When you look at the Hamilton, and then Hamilton-Kirkland college yearbooks from the period from 1970 to 1974, you see a remarkable evolution. In the 1970 Hamilton yearbook you see no Kirkland women; the seniors, who look somewhat uptight but not hopelessly square, are in posed pictures, some freestyle, some in silly frat-boy joke poses. In 1971, the style of photos is more relaxed, and women appear in them here and there. In 1972, the graduation year of Kirkland College’s “charter class” — the first students who had attended four consecutive years– for the first time the yearbook is a combined Hamilton/Kirkland book, and while there is some photographic evidence of a more square Hamilton feeling and a more hippie Kirkland feeling, it’s clear that a common culture is emerging. By 1974, Hamilton-Kirkland is one place.
Limited Engagement documents these heady times with minutes from tumultuous faculty and board meetings, tales of fundraising derring-do, stories of false steps and unexpected successes; of great teachers and of teachers who had to be fired. Ultimately it’s the story of the emergence of a particular Kirkland sensibility which was fun, feminist and ferociously serious about the idea of a liberal education. The tale of how, with a nudge from Babbitt, local businessman Edgar Virgil Johnson came to donate enough money for a scholarship fund and a classroom building is alone worth the price of the book.
When I arrived as a freshman at Hamilton College in the fall of 1970, Kirkland College was a very new thing. Its buildings were still under construction, and some Hamilton upperclassmen regarded Kirkland women as unwanted, unmerritorious intruders. At a hall meeting in the freshman dorm, our R.A. told us that Kirkland women were to be avoided: they were feminists who hated men, we were told; they didn’t shave their legs, their politics were suspect and they weren’t pretty.
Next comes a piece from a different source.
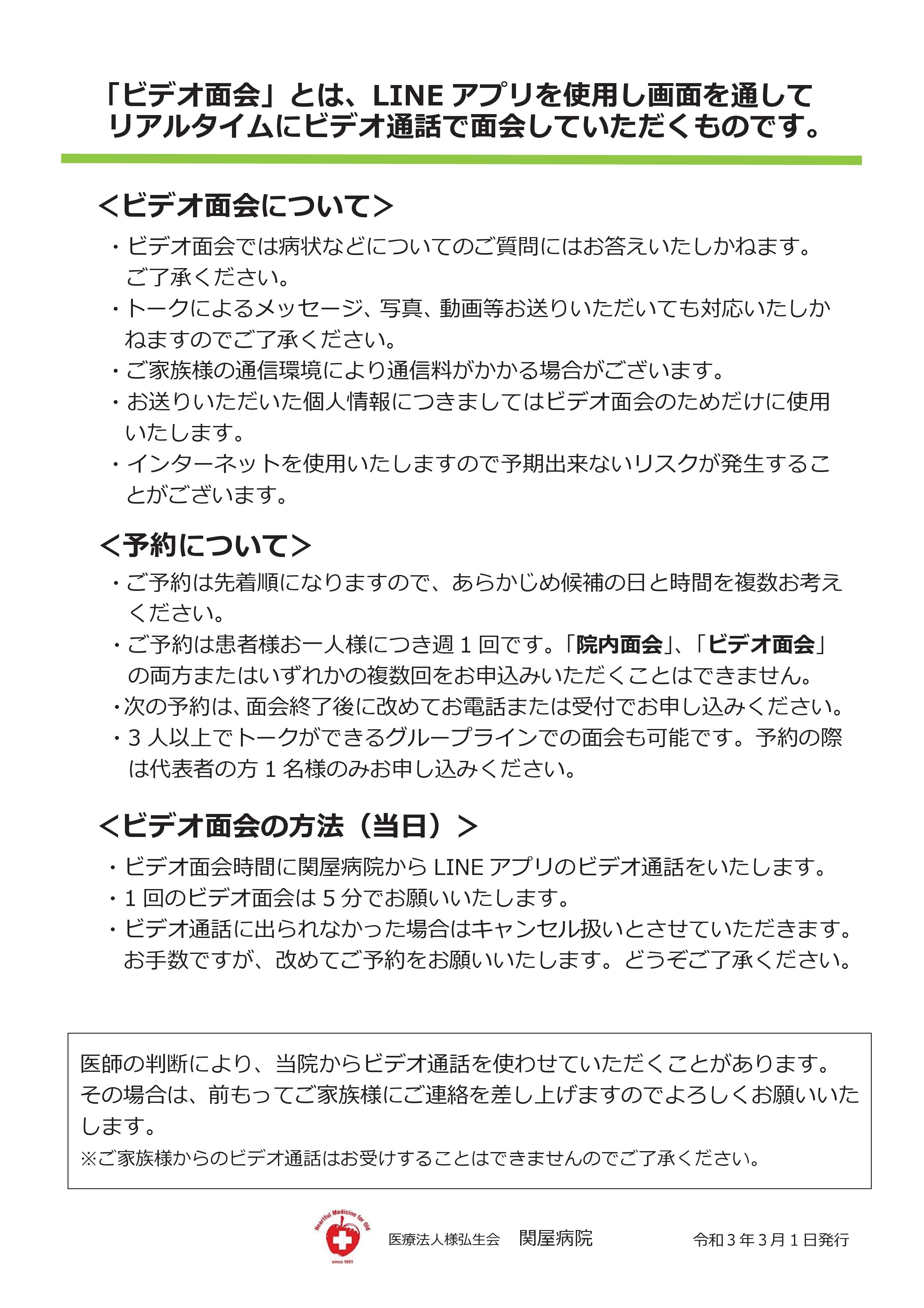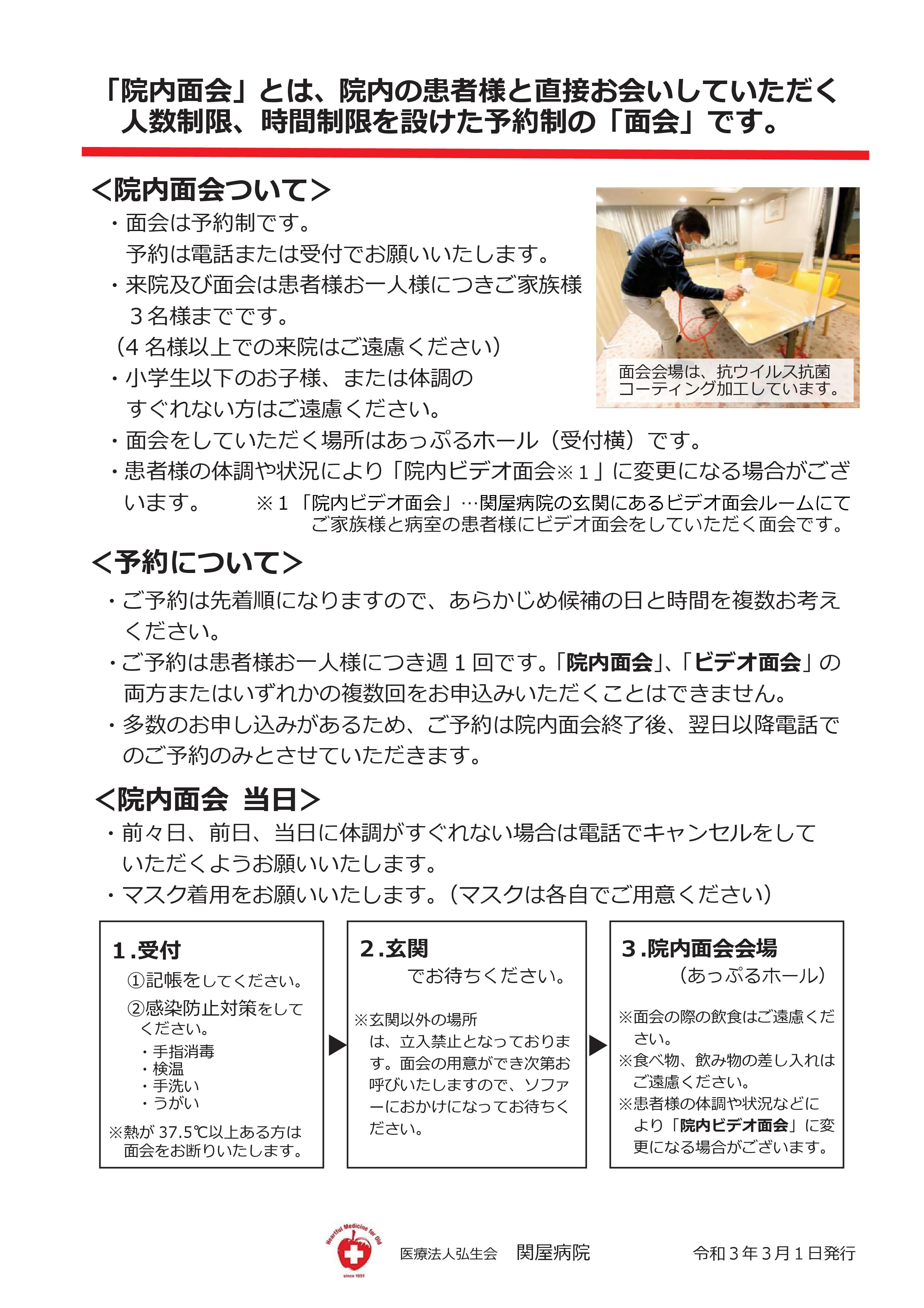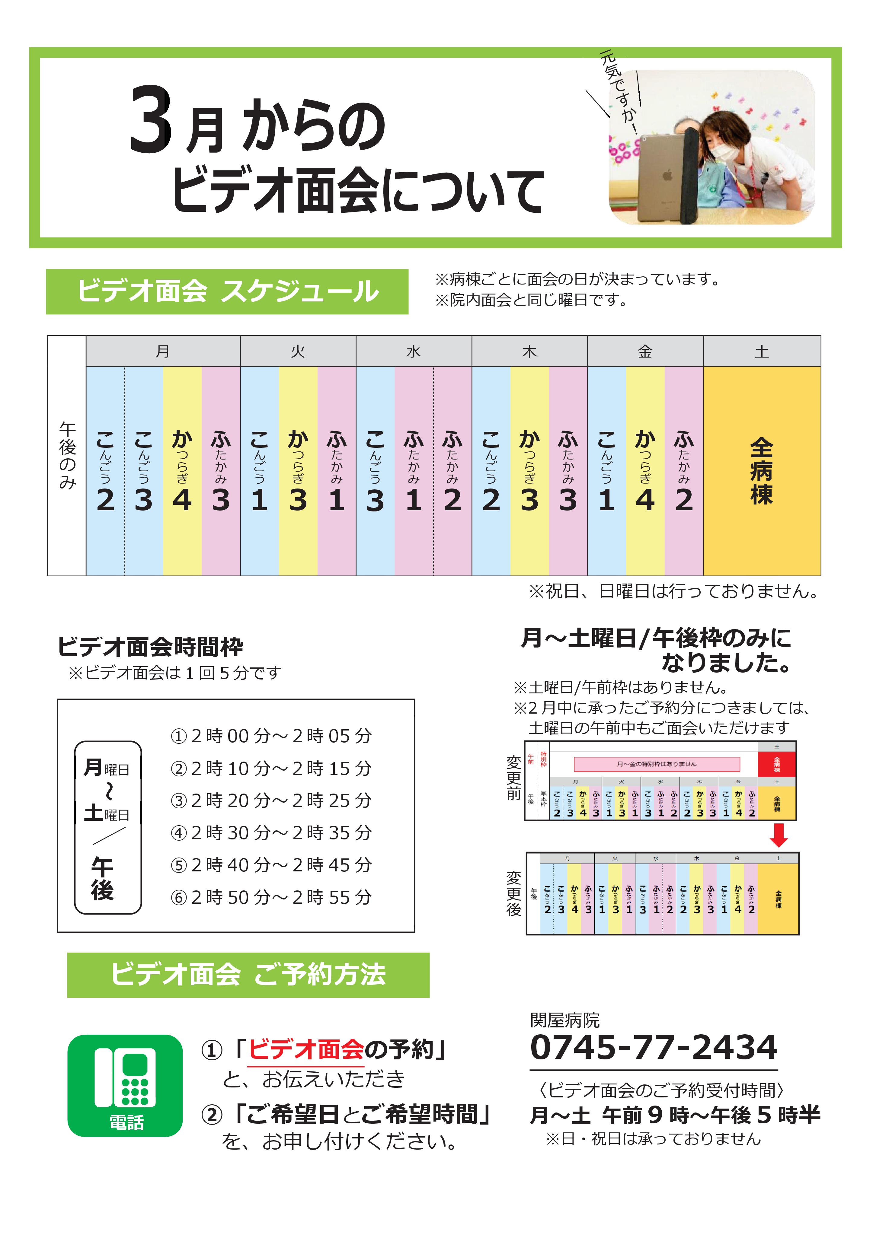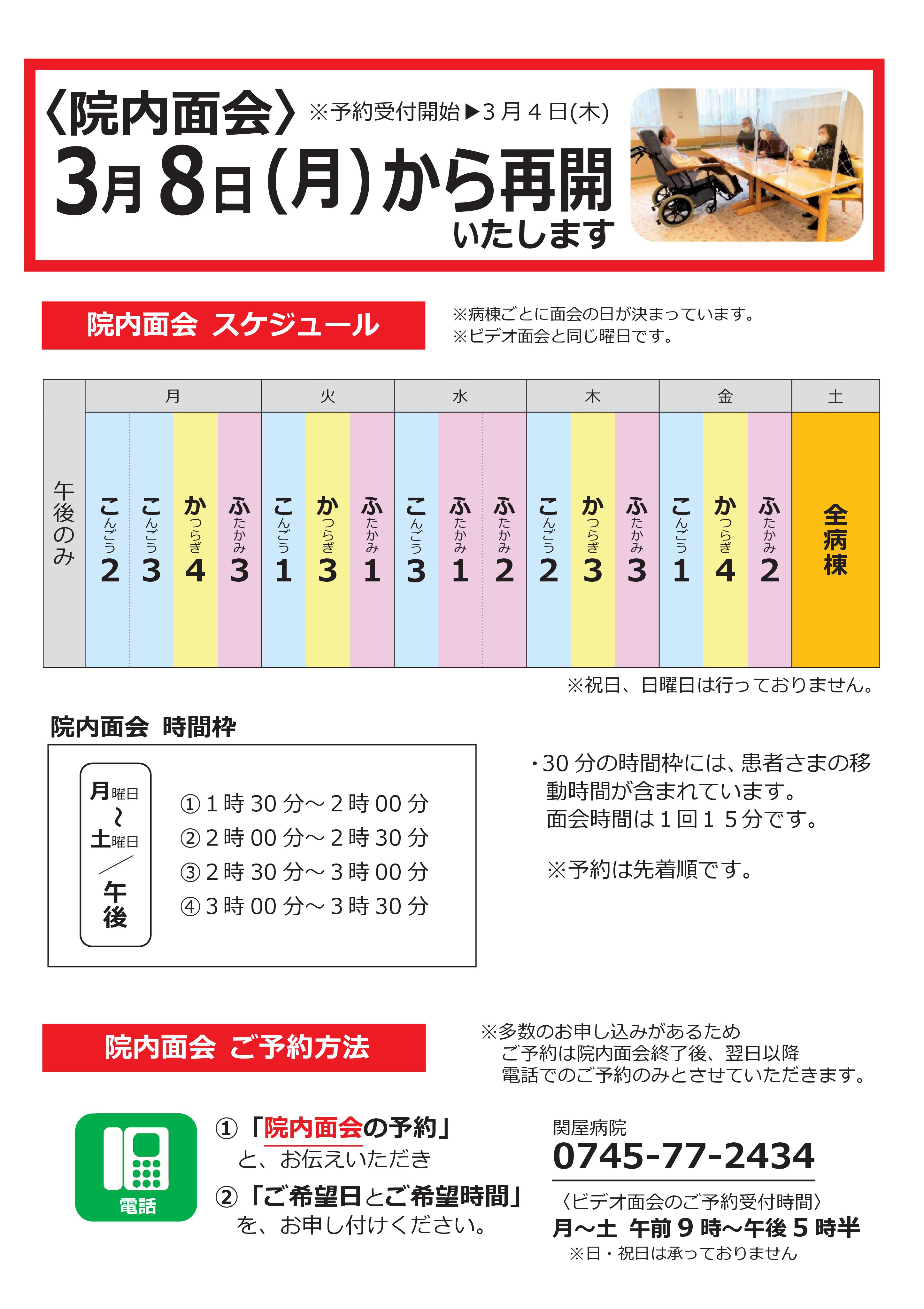 3月8日(月)から院内面会を再開いたします 2021.03.04 お知らせ 新型コロナウイルス感染症への警戒はいまだ必要な状態ではありますが、関西3府県の緊急事態宣言が解除されましたので当院では、感染防止対策を行いながら、3月8日(月)から院内面会を再開させていただきます。 院内面会の予約受付は3月4日(木)より開始いたします。 詳細は下記をご覧ください。 「院内面会」について↓ 「ビデオ面会」について↓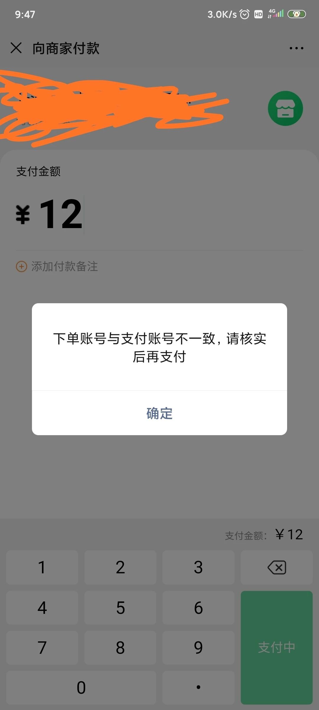 下单账号与支付账号不一致,请核实后再支付

He informed us that by tradition from time immemorial, Hamilton men dated women from high-class joints like Skidmore Collge, more than two hours away. When Hamilton men wanted to meet women, we were told, they went on “rolls”. Which. . . well, you can imagine.
It didn’t take me or my classmates long to figure out that that was a lot of nonsense. I won’t bore you with reminiscences of my college days, but suffice it to say that although my diploma says Hamilton College, 1974, Kirkland College was every bit as much a part of my four undergraduate years as Hamilton was.
The final part of Babbitt’s book deals with the circumstances of the financial crunch that eventually brought about the demise of Kirkland and its merger into the thereafter coeducational Hamilton. Although the financial problems were real, Babbitt convincingly argues that there were strategies available which could have allowed Kirkland to survive, and that it was bad faith on the part of the Hamilton Board of Trustees, and in particular of Hamilton president Martin Carovano, that doomed Kirkland to an early death. I myself always thought Carovano was a prick, and although Babbitt is much too gentlemanly to say any such thing, it’s clear what he thought of the highhanded way Kirkland was treated at the end by its blueblood sibling.
It’s eye opening to read the remarks written by Frank Bate (a Hamilton Alumnus on the Kirkland board (whose daughter Adriana, Kirkland ’74, had been a friend of mine since high school)), and delivered in a meeting with the Hamilton board. It’s clear that in Bate’s eyes Hamilton was calling in its marks from Kirkland exactly as a mafioso would call in its marks and confiscate home & business from a slow-paying client of a loan shark. To say there was anger around campus at that time is to considerably understate the depth of feelings at play.
I’m that rare kind of Hamilton grad who has never managed to gain any financial security, so my boycott of Hamilton alumni fundraising for the first ten years after my graduation didn’t set the college back. But I was not alone in my boycott. Anger among Hamilton alumni about the way Kirkland was summarily gobbled up caused the college to miss its projected contributions by twelve million dollars over the next ten years, a sum nearly identical to the thirteen million Hamilton saved by killing Kirkland as an independent entity. From 1978 to about 1985, if anybody from Hamilton called me to seek a contribution, I hung up on them.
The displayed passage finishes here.